Cette communauté a réussi à donner, par son affection
dans la Torah,
ce sourire. Sans prix. Toute cette mobilisation suffirait rien que pour
ce sourire!

Que le Ciel lui accorde santé et cette affection
de la part de notre grande famille qui aime tant Celui qui est devenue
toute lumière.
Et restera toujours la moitié d'elle.
Je ne peux l'exprimer que par ces fleurs qui lui ressemblent.
Voilà, avec Modia, vous avez passé encore un vrai moment
en Israël,
pas un séjour dans un club comme dans n'importe quel pays,
mais dans la vraie vie du peuple de la Torah.

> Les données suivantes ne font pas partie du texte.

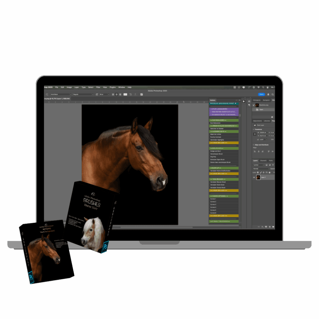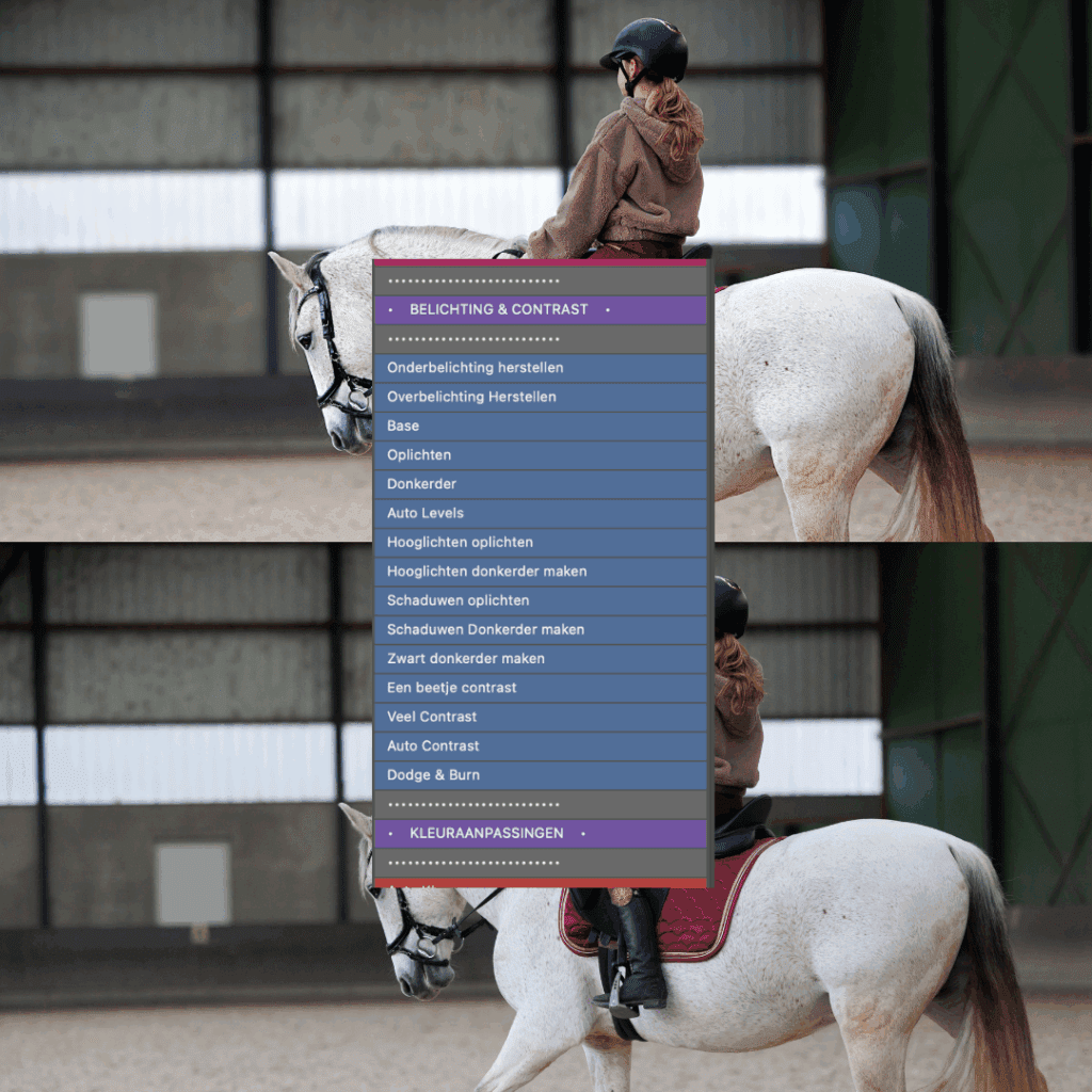 Belangrijk: een action is geen “one click perfect”. Het is een vaste workflow in knopvorm. En dat is precies waarom het zo goed werkt voor paardenfotografen, omdat je vaak met dezelfde soort licht, dezelfde kleurzweem en dezelfde frustraties zit.

C'est la majorité du peuple en Israël.
Pour terminer: un être humain comme nous, ne peut pas parvenir
à cette lumière
s'il n'applique pas avec sincérité cet enseignement du
Traité Méguila 6a:
Et, également à notre place de lecteurs membres du peuple
à qui ce père, le Rav Chalom Messas, zal,
transmettait pour tous sa connaissance de la Torah, nous assumerons
aussi ce qui vient d'être dit.
Si D.ieu veut, je placerai sur le site des études de halakha,
des questions de halakha
et les réponses telles qu'elles sont dans ses livres.
J'en avais parlé avec le Rav et je lui avais montré les
exemples qui sont prêts, avec mes notes déjà rédigées.